Неподалеку от Оксфорда имелась старая разбитая дорога, на которую жаловались фермеры. Рёскин, будучи профессором искусств университета, предложил студентам подать пример физического труда и помочь отремонтировать дорогу. В течение нескольких недель местные жители наблюдали, как профессор и его ученики орудуют лопатами. Молодые люди приходили с большим удовольствием, потому что затем Рёскин приглашал их к себе и устраивал домашние конференции за чаем. Вот только дорога день ото дня становилась все хуже и вскоре сделалась самой ужасной во всем королевстве. Тогда профессор пригласил собственного садовника, и тот, имея, в отличие от хозяина, практические навыки, привел проезжую дорогу в более или менее пристойное состояние.
Итак, идея избавить мир от уродства, призвав на помощь своего садовника, прекрасно характеризовала Рёскина: дабы иметь право наслаждаться красотой мира, следовало сделать мир прекрасным для всех. Этому он и хотел посвятить жизнь.
И он мог себе это позволить. Отец скончался, оставив огромное состояние – сто пятьдесят семь тысяч фунтов. Нужды Рёскин не знал. Он был одинок. Он женился, но неудачно, поскольку совершил ошибку: взял в жены женщину, которая картинам предпочитала светское общество. Затем он совершил еще одну ошибку: пригласил к себе в поместье художника Милле[92], чтобы тот написал его портрет. Это была двойная ошибка, поскольку Милле был плохим художником и красивым мужчиной. В результате этой двойной ошибки миссис Рёскин стала миссис Милле. Одинокий, сказочно богатый Рёскин решил употребить свое состояние на то, чтобы сделать мир достойным своих соборов. Начиная с этого момента его щедрость не знает границ. Количество его стипендиатов по всей Англии исчисляется сотнями. Всякий раз, получив звание профессора рисования в какой-нибудь школе, он, дабы поощрить учеников, дарил этой школе собрание рисунков художников из собственных коллекций. Во многих школах для девушек пожертвования Рёскина тратились на выборы королевы мая, а от него лично она получала золотой крестик и четыре десятка томиков его сочинений, которые ей надлежало распространить среди подруг по своему выбору; когда была возможность, при вручении премии он присутствовал лично. Ибо несчастный господин Рёскин ужасно любил общество молоденьких девиц и постоянно находился в невинной романтической связи с какой-нибудь из них. Особенно он был привязан к Рози Латуш, одной из своих бывших учениц, и после долгих прогулок по аллеям сада даже сделал ей предложение. Ему было пятьдесят три года, ей двадцать четыре. Возраст как раз препятствием не являлся, но девушка была глубоко религиозна, а Рёскин уже перестал верить. Веру своего детства он утратил по одной забавной и совершенно «рёскиновской» причине: он открыл для себя Веронезе. Поскольку, как он говорил, искусство Веронезе, искусство чувственное, лишенное моральной подоплеки, превосходит искусство Фра Анджелико, я не могу более верить. Рози Латуш не желала ни выходить замуж за неверующего, ни даже видеть его, она отвернулась от Рёскина, посулив встречу на том свете.

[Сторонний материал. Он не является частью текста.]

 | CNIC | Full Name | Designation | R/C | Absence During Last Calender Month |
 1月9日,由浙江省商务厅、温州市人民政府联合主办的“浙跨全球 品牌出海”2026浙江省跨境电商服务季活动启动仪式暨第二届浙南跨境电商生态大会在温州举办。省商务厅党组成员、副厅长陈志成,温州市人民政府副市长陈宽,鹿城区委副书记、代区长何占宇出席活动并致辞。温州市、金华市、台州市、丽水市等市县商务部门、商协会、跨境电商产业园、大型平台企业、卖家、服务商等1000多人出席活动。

«Что толку? – с грустью размышлял Рёскин. – Я желал ее именно на этом свете. Оказавшись на небесах, я хотел бы беседовать с Пифагором, Сократом, с Валерием Публиколой, там о Рози я даже и не вспомню! Пусть она об этом и не думает. Так какое мне будет дело до ее серых глаз и розовых щек!»

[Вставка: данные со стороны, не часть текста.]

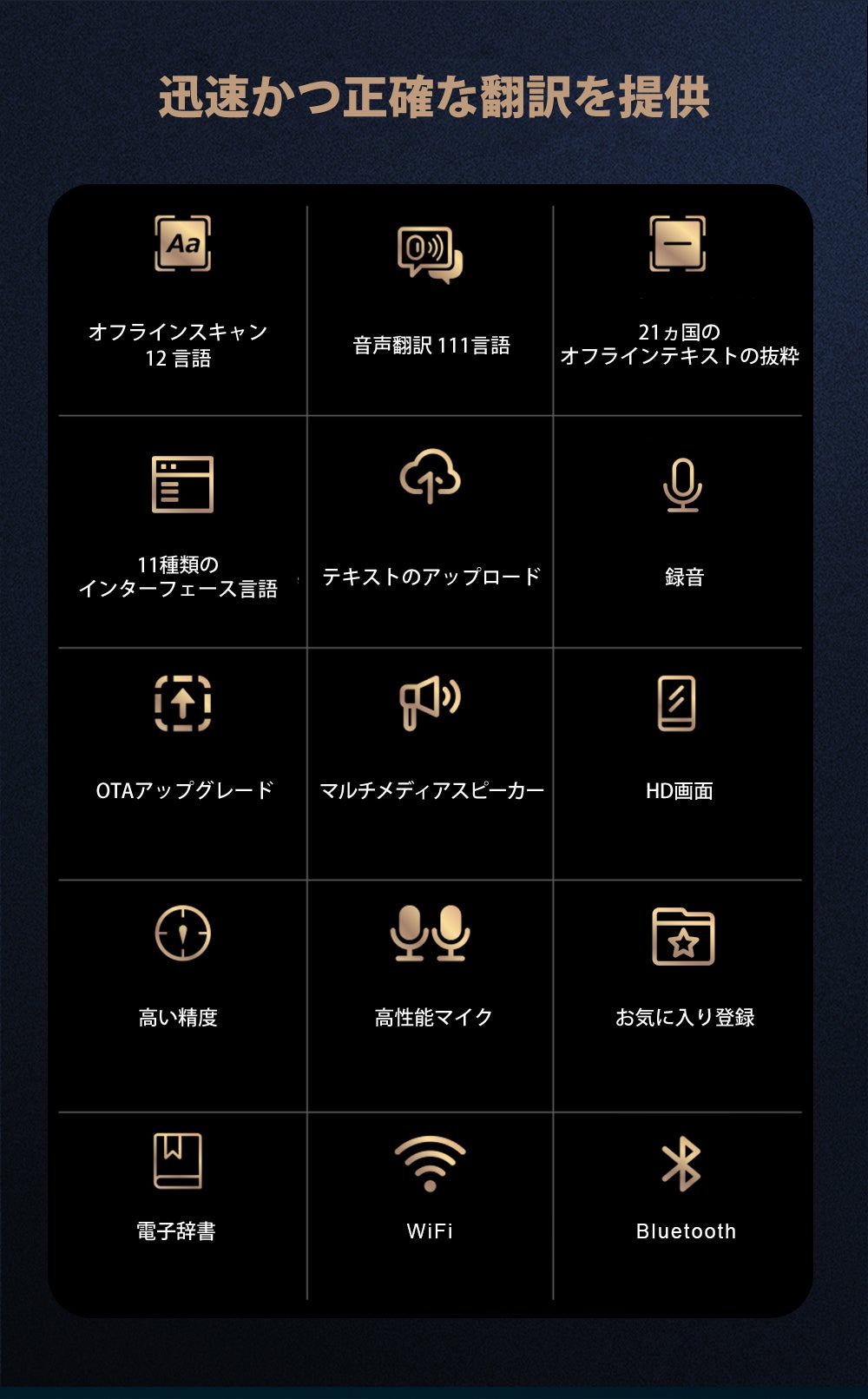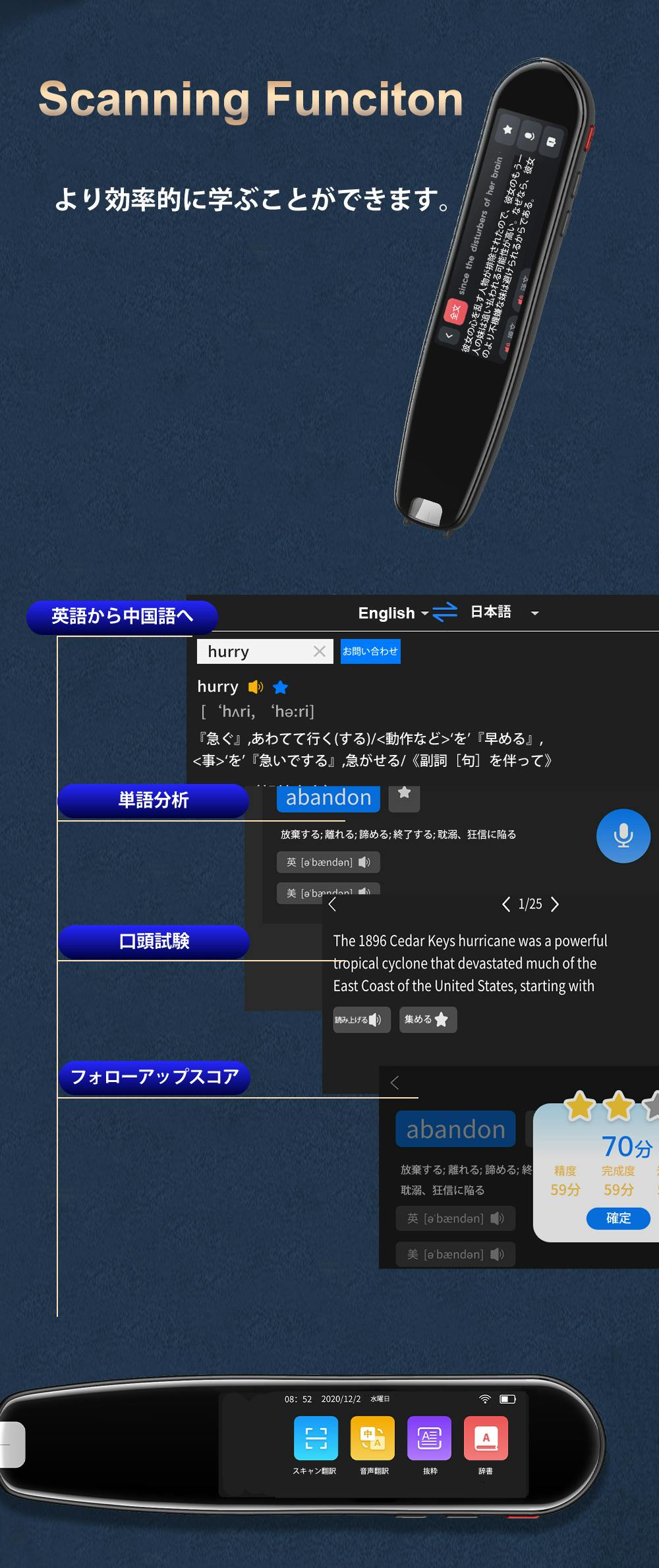シンプルな操作 : 高性能マイク、光学文字認識、電子辞書搭載など、使いやすさにもこだわりました。直感的な操作方法により、翻訳デバイスの利用がより簡単になります。
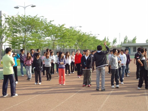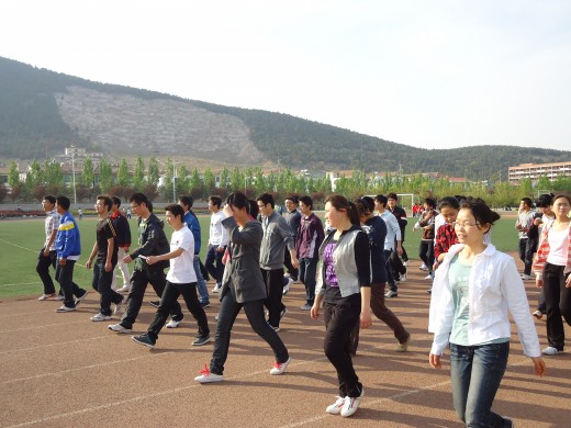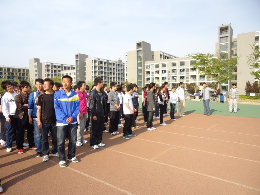下午四点整,同学们准时到达第一田径场。负责人将方阵同学大致分为7行9列,按照人员身高错落排列,极为有序。没有太极训练时优美柔和的音乐,不变的是太极训练亟需的团结合作、整齐划一的精神。在负责人高昂的“立正、稍息、齐步走”口令中,同学们展开了积极的配合训练,以蓬勃的姿态投入到了操练过程中,精神饱满,昂首挺胸,起步有力,团结一致。待方阵进场仪式操练若干次后,负责人转而排练了届时污污漫画

Стремясь иметь что-нибудь, что привязывало бы его к этой жизни, он решил основать так называемую Гильдию святого Георгия, то есть объединить всех англичан, которые ради прекрасной Англии, свободной от влияния современной «машинной» цивилизации, готовы были бы пожертвовать на это десятую часть своего состояния. На территории гильдии не должно было быть ни машин, ни железной дороги; никакой праздности, как, впрочем, и всякого рода свободы; никакого равенства – напротив, уважение к превосходству.